• **DATASET EXTRACT**
........
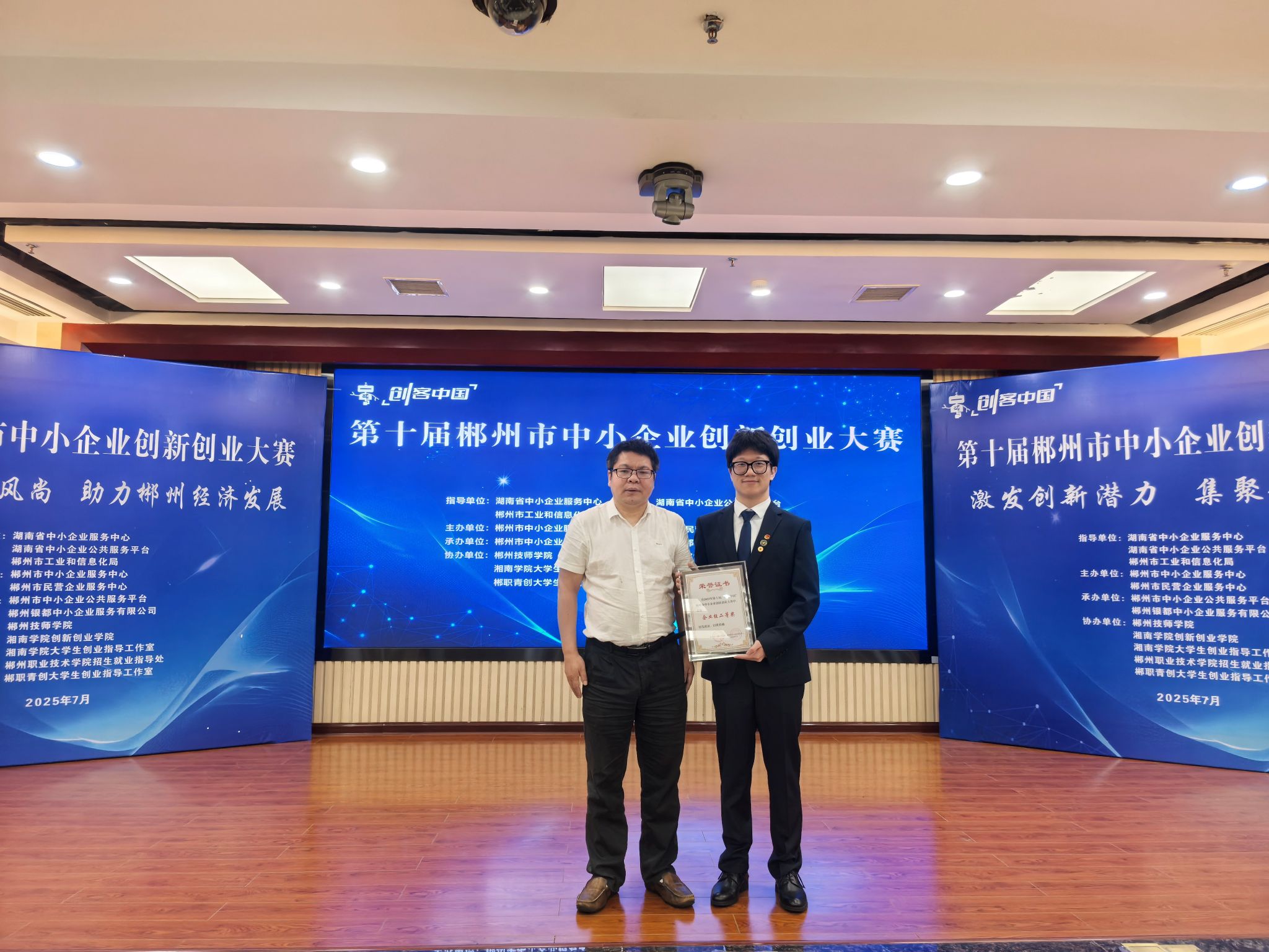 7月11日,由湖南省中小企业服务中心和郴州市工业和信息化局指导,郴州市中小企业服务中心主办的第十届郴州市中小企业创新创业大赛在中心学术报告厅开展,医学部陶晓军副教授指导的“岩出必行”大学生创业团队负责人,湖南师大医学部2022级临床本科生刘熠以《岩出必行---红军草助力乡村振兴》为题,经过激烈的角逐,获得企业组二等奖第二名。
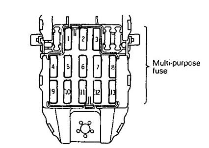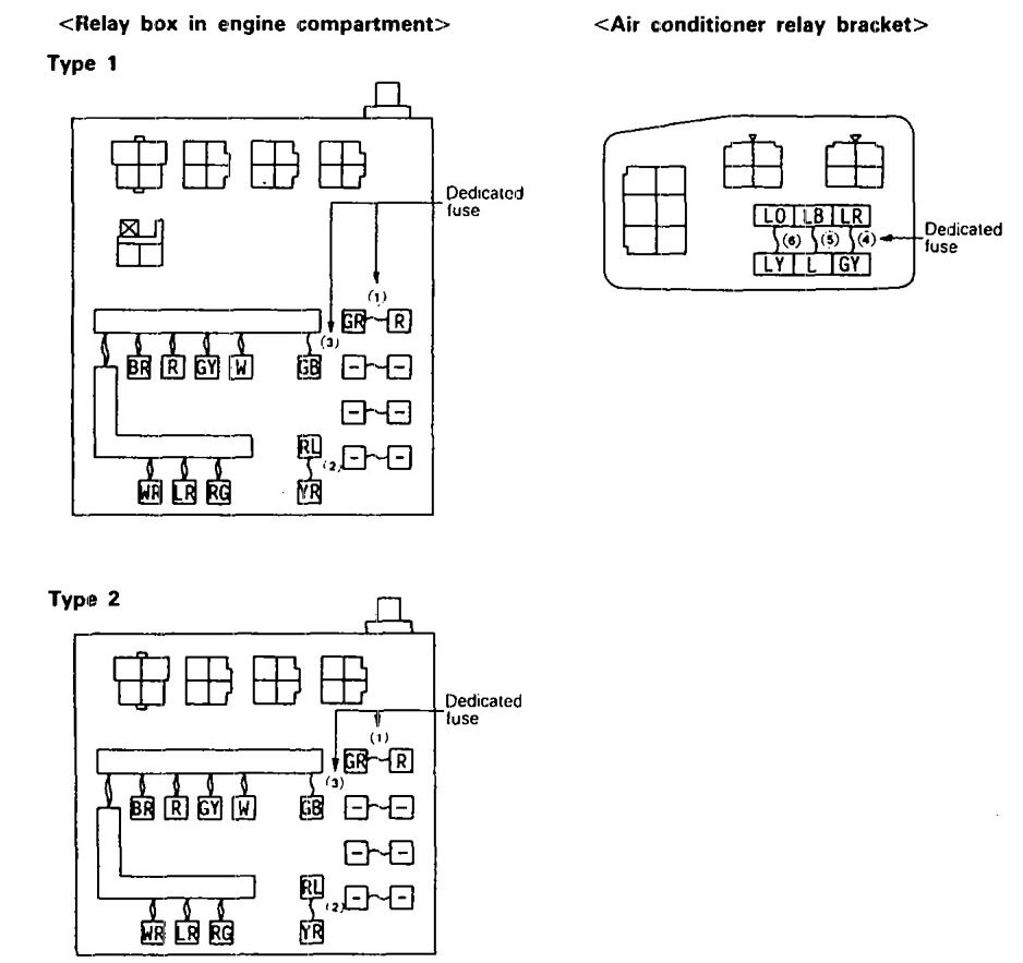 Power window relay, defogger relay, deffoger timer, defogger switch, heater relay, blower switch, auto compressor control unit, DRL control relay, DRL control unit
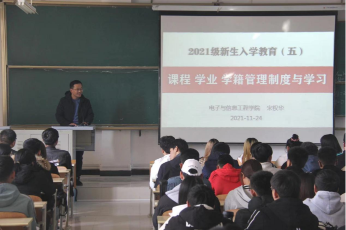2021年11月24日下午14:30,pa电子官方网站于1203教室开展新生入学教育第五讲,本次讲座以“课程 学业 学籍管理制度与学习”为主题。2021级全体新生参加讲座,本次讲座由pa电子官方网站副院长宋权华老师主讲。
........
• **WORK INSTRUCTIONS**
Without the pictures, transcribe the lines from the one containing "Power window relay, defogger" through the end of the data, exactly and only those.

• **SOLUTION FOR THIS TASK**
 Power window relay, defogger relay, deffoger timer, defogger switch, heater relay, blower switch, auto compressor control unit, DRL control relay, DRL control unit
2021年11月24日下午14:30,pa电子官方网站于1203教室开展新生入学教育第五讲,本次讲座以“课程 学业 学籍管理制度与学习”为主题。2021级全体新生参加讲座,本次讲座由pa电子官方网站副院长宋权华老师主讲。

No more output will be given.